ナビに目的地はハッキリと記載されているが、道中に土砂崩れや路盤沈下がありそうでエンジンを踏み込めない。


 『悠奈においしいチョコレートを作ってもらう』という目標は、早くも黄色信号になった。


「……何を、カゴにいれてらっしゃいますか?」

「なに、変な敬語使っちゃって……。手作りチョコの材料に決まってるじゃん」

「そんなドヤ顔で言い切られても……」


 集合写真での一枚なら、完璧だった。


 悠奈は、手取り良くキャベツやキュウリをビニールに詰めていく。チョコに添えるサラダでも料理しようと言うのだろうか。


 まさか自身のチョコを味見しないことは無いだろうから、このままでは彼女が苦悶の表情で学校に登校してくることになる。腹を下して健介もろとも保健室へ強制送還されかねない。


 正義を常に追い求める性格の悠奈が、中途半端に妥協して無難な代物を創造するはずがない。出来栄えが両極端に振れるのは、彼女と接した人ならだれでも容易に思い描ける。


 ……これ、どうするんだ……?


 運命を変えられるのは、現状やる気の無い健介だけだ。


「……悠奈、その野菜をどう使うつもりなんだ?」

「作り方を聞いても良いの? 楽しみが半減しちゃうよ?」

「……苦しみが減るなら何でもいい」


 赤、緑、黄色と色とりどりのものを買い物かごに入れた悠奈から、捻った心を掴むことは出来なかった。ドッキリ企画なら、ドッキリ大成功の看板を立ててもらいたいものだ。


「……まず、この野菜たちとチョコレートをミキサーに入れます」

「ただの野菜スムージーだぞ、それ」


 彼女の事だからキャベツの葉をチョコレートの内部に押し込むのではないか、と危惧していた健介は考え無しだった。

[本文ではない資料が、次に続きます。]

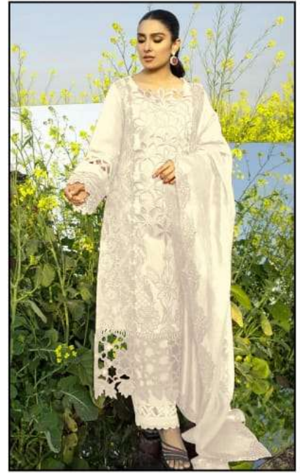
JT D.NO.154 D

DUPATTA :-KOTA CHECKS WITH HEAVY EMBROIDERED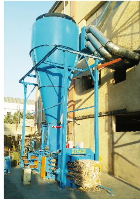
瓦楞纸箱行业整厂废纸处理系统示意图 The Diagram of Packaging Waste Management Systems

Specially used for recycling waste paper, cartons/cardboards trims/scraps etc. which are popular in packaging/ corrugation industrial, paper/ printing plants etc.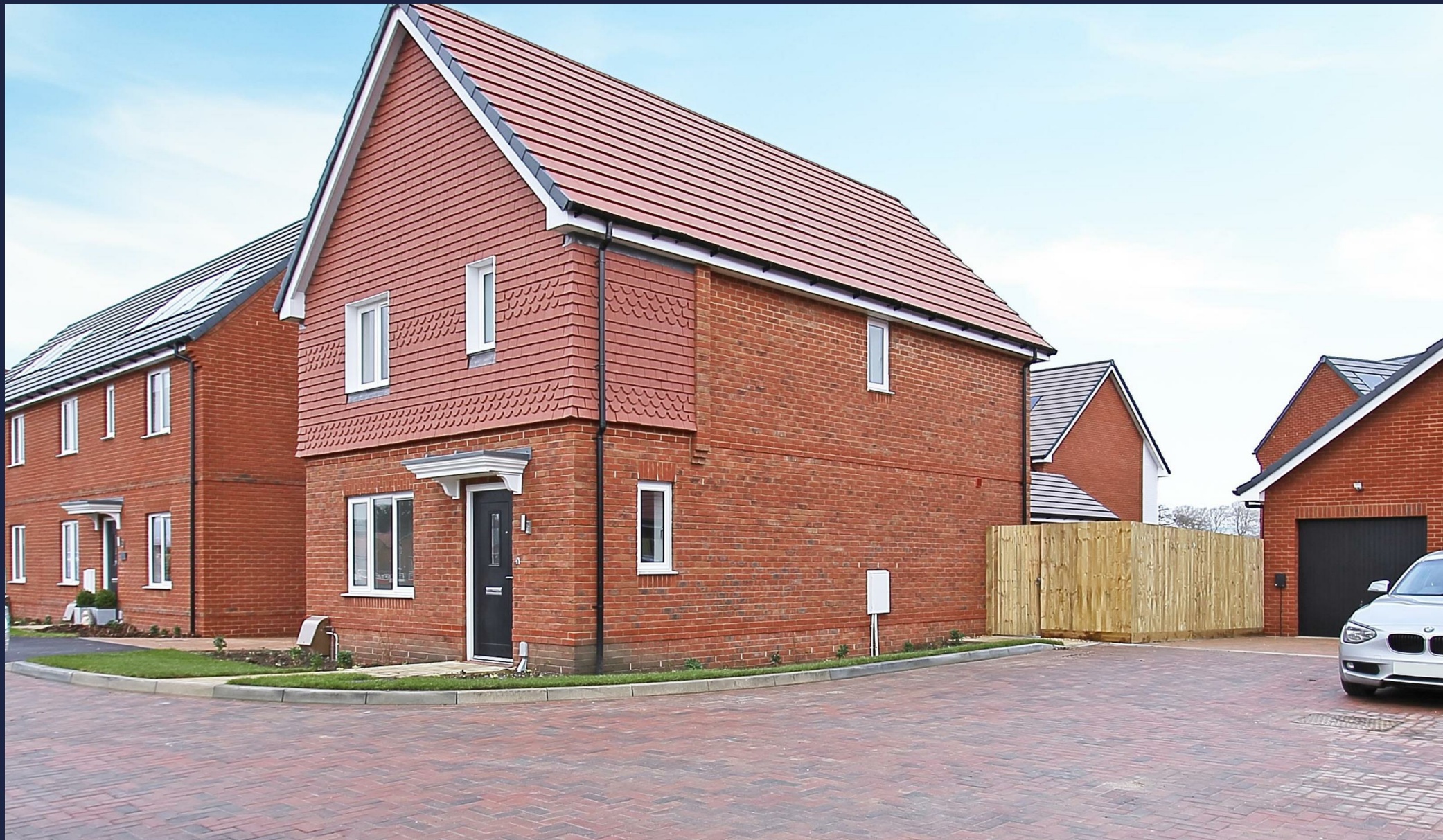
Lawrence Close, Salisbury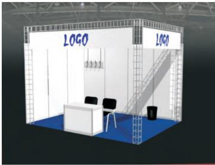
Shell Scheme "LUXE" 12 sq.m. with standard equipment

目の前の幼馴染は、熱血バカのスポーツ少女で無いのを忘れていた。


 チョコレート作りでミキサーという単語が登場するのは初めて。泡立てて生クリームの食感でも出そうと言うのか。独特の苦味成分をねじ込んだネタにも出来ないチョコにならないことを祈るばかりである。


 ひとまず、悠奈の構想を最後まで洗いざらいさらけ出しておく。そうしないと、対策が立てられない。


「……それで、その後は?」

「ぐちゃぐちゃにしたものを、冷凍庫で固めるんだよ? カッチンコッチンに凍ったら、私流チョコレートの出来上がり!」

「やめとけ」


 脊髄反射で、ストックしていた完全否定の文言が健介の喉を飛び出した。底なし沼へ足を踏み入れようとしている人がいたら、後ろに張り倒して防ぐのは当たり前である。

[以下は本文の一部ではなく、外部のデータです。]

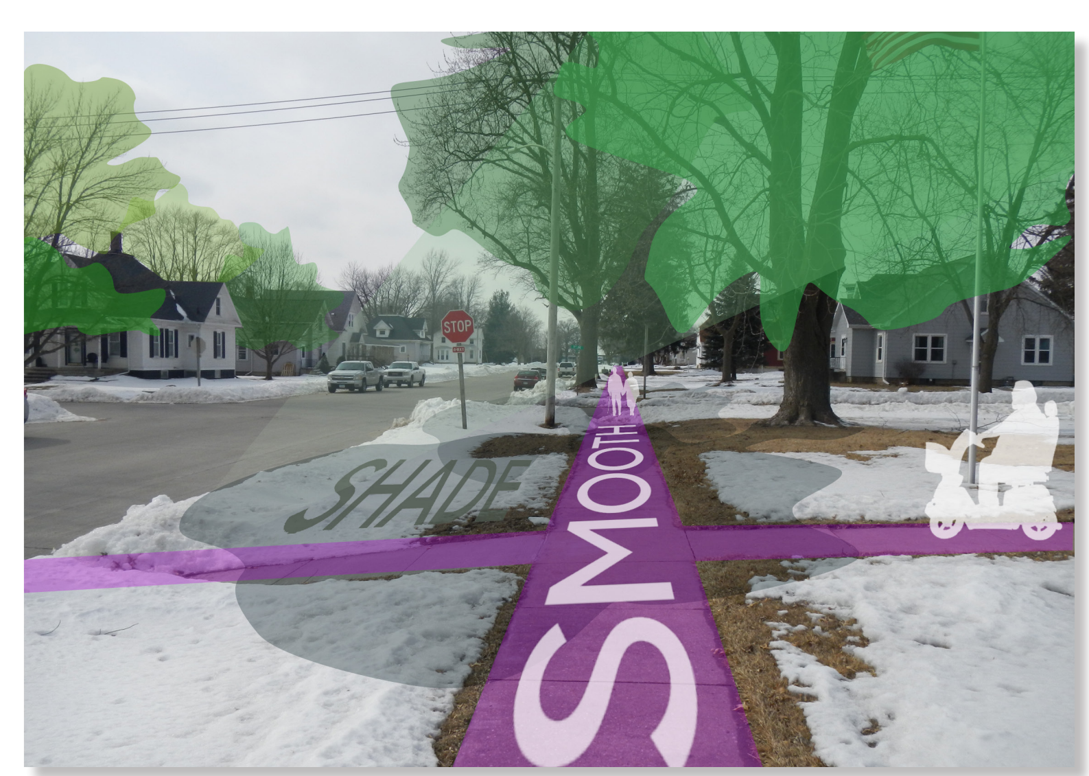
Smooth shaded sidewalks are appreciated by kids and people who walk for exercise, as well as the mobility impaired.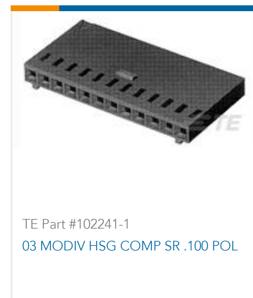
TE Part #102241-1 03 MODIV HSG COMP SR .100 POL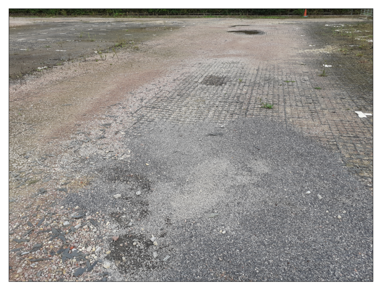
June 2020 – clean up begins ready for NHS test centre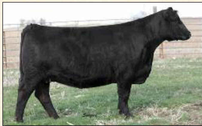
Lot 3A – Northland Miss 709E

AI Bred W/C Lock Down 5/21/20; Due 2/25/21. Here is a great young Bismarck daughter out of a top Upgrade female selling as Lot 3. Can't say it enough - Bismarck females are great property and becoming hard to find. All set for an early double bred Halfblood by "Lock Down"!

 チョコレートを砕くまでは正当な手順を踏んでいるが、生チョコは生クリームや牛乳を投入しなくてはならない。何にせよ、ミキサーはいかなるチョコも不正解にする地雷なのだ。


「……調べてみたか、インターネットで?」

「それが、繋がらなかったんだ……。折角続きを描こうと思ってたデジタル漫画も、明日に延期しないといけなくなったし……」


 これまで微笑を崩さなかった悠奈が、大きく地面がえぐれそうなため息をついた。


 現代文明の申し子が、無策にレシピを放棄はしない。この予想は正しくインターネット回線の問題で、検索不能に陥っていただけであった。健介がこの仮説と心中していたかどうかは別のお話である。

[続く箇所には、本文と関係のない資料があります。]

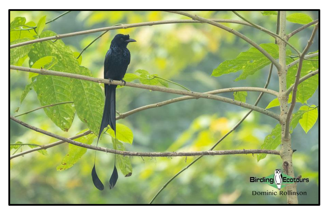
The stunning Greater Racket-tailed Drongo occurs in Tansa Wildlife Sanctuary, and we will look for this stunning species while searching for Forest Owlet.

We will spend the full day birding in and around the Tansa Wildlife Sanctuary, where we will continue looking for Forest Owlet . The teak forests here hold numerous other good birds, such as Malabar Trogon (difficult here) White-cheeked Barbet , Vigors's Sunbird , and Bluewinged (Malabar) Parakeet .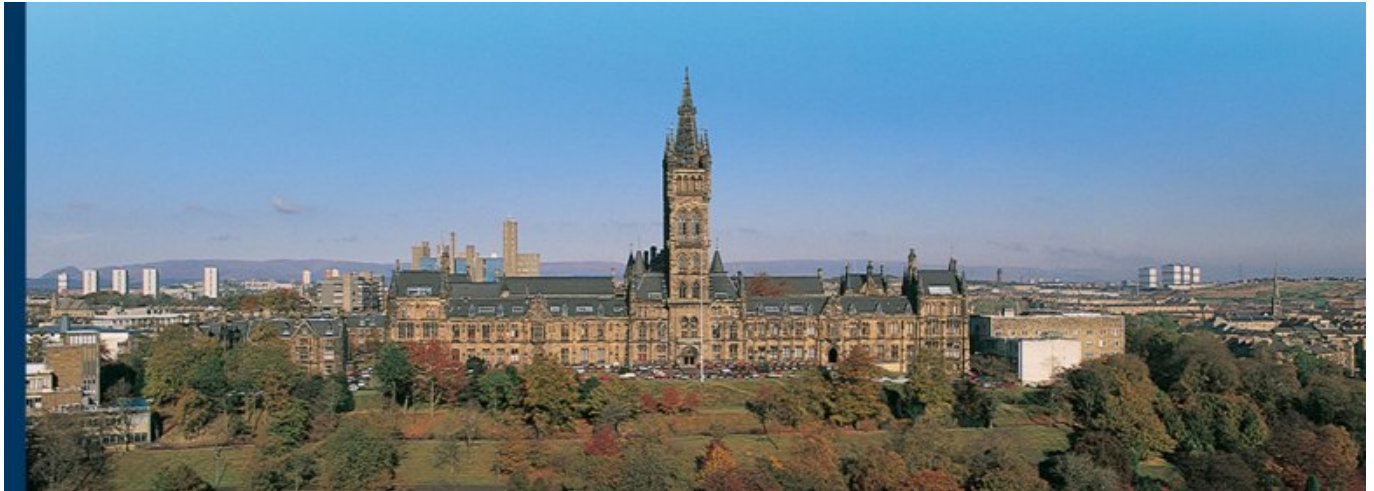
Glasgow University main building complex with the University Tower on Gilmorehill viewed from the south. The West Medical Building can be seen slightly below to the left.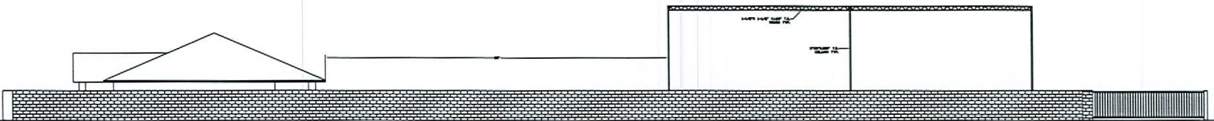
3 EAST ELEVATION SCALE: 1/8" = 1'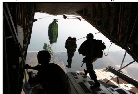
A Royal Thai Marine Corps reconnaissance team conducts jump training with Marines assigned to Force Reconnaissance Company, 3rd Reconnaissance Battalion during exercise Cobra Gold 2011 at U-Tapao Royal Thai Navy Airfield, Chanthaburi province, Thailand, Jan. 21, 2011.

As military capability and capacity increases in Asia, we will seek new ways to catalyze greater regional security cooperation. Leveraging our convening power, we will expand the scope and participation of multilateral exercises across the region. We seek expanded military cooperation with India on nonproliferation, safeguarding the global commons, countering terrorism, and elsewhere. We will expand our military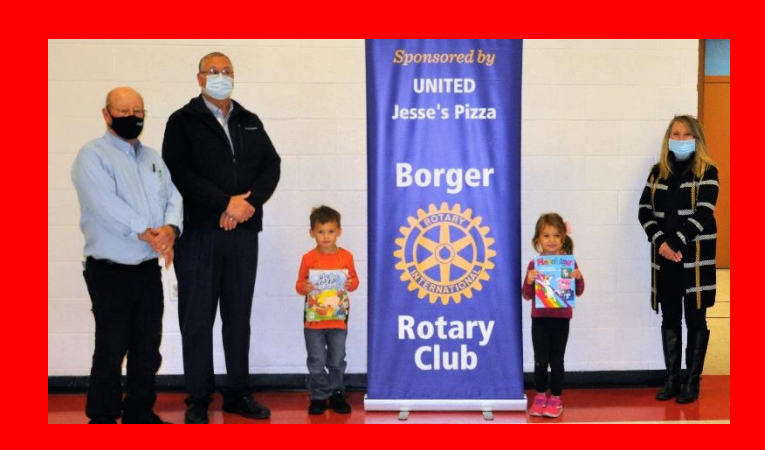
Belton Perfect Attendance Winners

 ……漫画の方が、チョコよりもダメージが大きいんだな……。


 彼女の唯一と言っていい内向きの趣味が、絵描きである。漫画を読むと健介でも簡単に描けそうに思えるのだが、いざペンを持ってみると全く進まない。


 数多くの大賞にも応募していて、その精力は測りかねる。オリジナルキャラクターを架空の世界で動かすことが楽しいらしく、同人誌で稼ぐ気は無いそうだ。


「……悠奈、よく聞いてくれよ」

「なあに? 漫画のリクエストなら順番待ちだよー」


 これ以上猛獣を野放しにしていては、何をされるか予測できたものではない。


 健介は、半ば強引に電動首輪を取り付けようとした。


「チョコレートづくりに使うのは、生クリームとチョコとココア。これだけにしとけ」

「それだと、生チョコに限定されちゃう……」

「作り方分かってるのかよ」


 ゲテモノ愛好家と勘違いされている。野菜スムージーのチョコ入りなど、犬猫にも食わせられない。食料廃棄と同義だ。


「……変な物作ってきたら、半分食べてもらうからな」

「……健介は、厳しいなぁ……」


 堅牢に籠って徹底抗戦の構えを見せた悠奈も、爆風の巻き添えには耐えきれないと判断した。誠に賢明なお方である。


 ともかく、茶色の正体不明な液体を口にする事態は避けられたのであった。